Maximum Sum SubArray with Single Swap

Description The classic Maximum SubArray problem is the task of finding the contiguous subarray within a one-dimensional array of numbers which has the largest sum. For example, for the sequence of values −2, 1, −3, 4, −1, 2, 1, −5, 4; the contiguous subarray with the largest sum is 4, −1, 2, 1, with sum 6.

Now we have a new problem based on the classic one - finding the sum of the maximum sum subarray elements after performing a single swap operation. For example, given an array {3, -10, 4, 5}, we can swap 3 and -10 to get a maximum sum subarray {3, 4, 5}, which has the maximum sum 12.

Input The input should be a list of integers with length N, where N should be less than or equal to 1,000,000. The absolute value of each integer of the list should be less than or equal to 1,000.

Output The output should be the sum of the maximum sum subarray elements after performing a single swap operation.

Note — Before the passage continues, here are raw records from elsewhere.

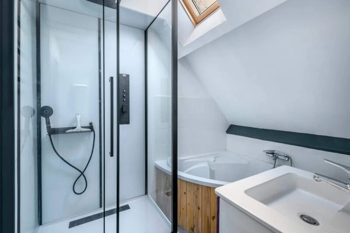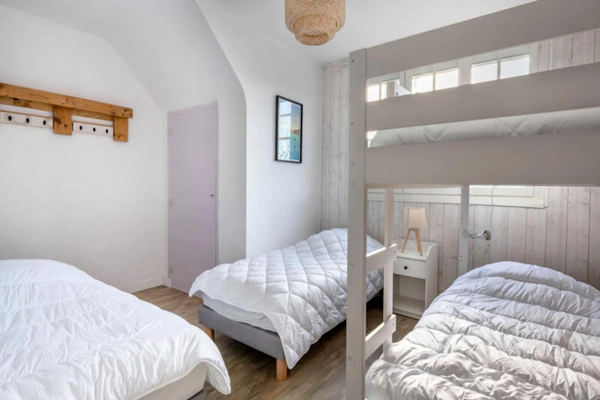 Vivi il fascino della Bretagna in questa casa dal design accattivante, perfetta per una vacanza indimenticabile con la famiglia o gli amici. Situata tra il tranquillo Golfo di Morbihan e il corroborante Oceano Atlantico, questa spaziosa dimora vi invita a esplorare sentieri costieri, a godervi spiagge sabbiose e a immergervi nello stile di vita rilassato bretone. Con negozi, panetterie e mercati locali a pochi passi di distanza, tutto ciò di cui avete bisogno è a portata di mano.
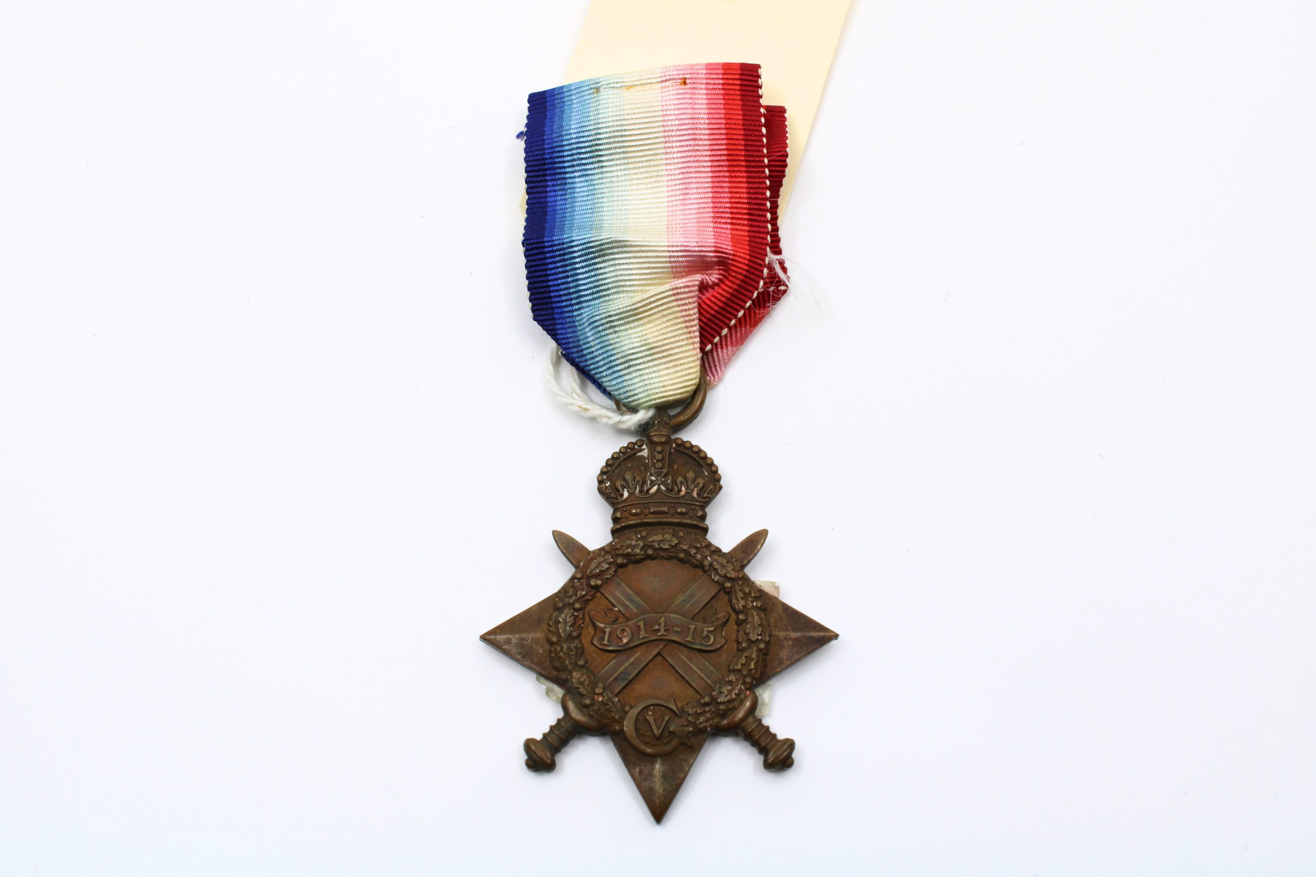 Bronze four-pointed star-shaped campaign medal surmounted by a crown, with two crossed swords and a central scroll inscribed 1914–15. The medal is s
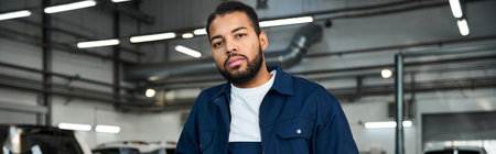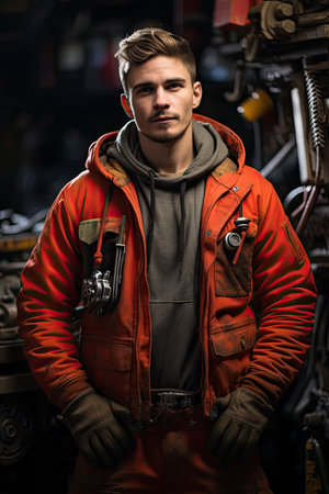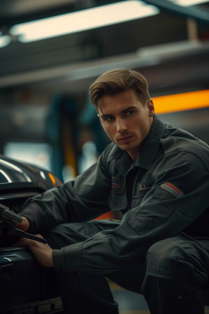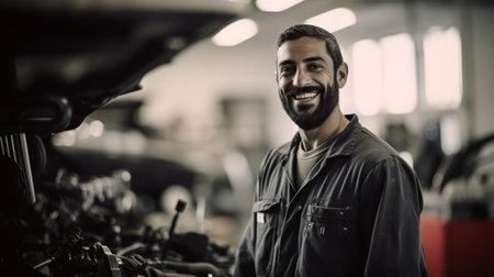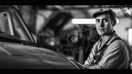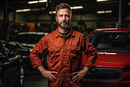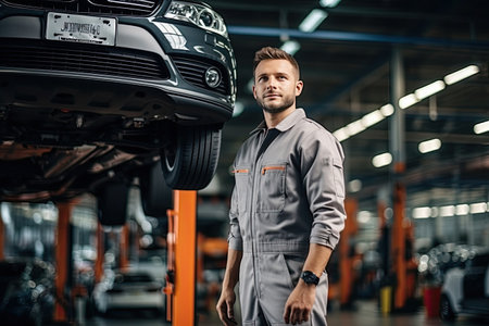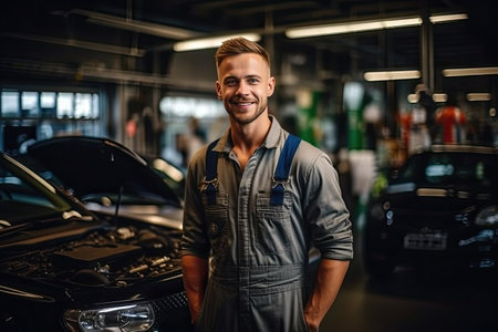 Standing poised next to an open car hood, a skilled male mechanic exudes expertise in a clean, organized garage with state-of-the-art equipment and precise tools

Sample Input 1 2 3 4 5 -1 9 7 8 6

Solutions:

这个想到用DP做的也太牛了！ 只是理解他的思路都用了好一会！

Time: O(n) | Space: O(n)

The first I think about is enumerate the element which will be swapped.

Assume the enumerated element’s index is p, and it swap with element indexed by q.

Here q may be either larger or less than p.

Again we assume q < p.

Then after swapped, the maximum sub-array sum containing array[p] should be sum by two part:

part 1: g[p]-array[p]. g[p]: the maximum sub-array sum start with index p.

part 2: f[p-1]: the maximum sum of sum of a sub-array and a individual element out of the sub-array.

Like this: | …..|||

The indivisual | means the element left outside of the sub-array.

The ||| means sub-array end with array[p-1].

Note that this part can be empty, but the previous part must not.

And f[p-1] is the sum of the two part.

it’s obvious that the indiviual | is used to swap with array[p], which means array[q].

And after swapped, | …..||| —> …..|||| , that is the left part of sub-array containing array[p].

So the problem is how to find the maximum f[p-1].

It’s obvious, f[0] = array[0];

In index i, f[i] may be f[i-1] + array[i], which like this: |….|||| or ….||||

Or f[i] may be max(array[0….i]), which like this: ….|…. or ……| .

So f[i] = max( f[i-1]+array[i], max(array[0…i]));

The answer is max( max(g[0,…n-1]) , max(f[p-1] + g[p]-array[p]) .

The max(g[0…n-1]) means the max sub-array sum without swap.

And in situations p < q, we just reverse the array, and find the answer with the above steps again.

class Solution {
public:
    int getMaxSubarraySum(vector<int> &A) {
        if(A.size()==0)return 0;
        if(A.size()==1)return A[0];

        int ans1=getOneDirectionMax(A);
        reverse(A.begin(),A.end());

        return max(ans1,getOneDirectionMax(A));
    }

    int getOneDirectionMax(vector<int> &A)
    {
        int n=A.size();
        vector<int> f(n),g(n);

        f[0]=A[0];
        int curMax=A[0];
        for(int i=1;i<A.size();i++)
        {
            curMax=max(curMax,A[i]);
            f[i]=max(f[i-1]+A[i],curMax);
        }

        g[n-1]=A[n-1];

        for(int i=n-2;i>=0;i--)
        {
            g[i]=max(g[i+1]+A[i],A[i]);
        }

        int ans=A[0];

        for(int i=1;i<n;i++)
        {
            ans=max(ans,f[i-1]+g[i]-A[i]);
        }

        return ans;
    }
};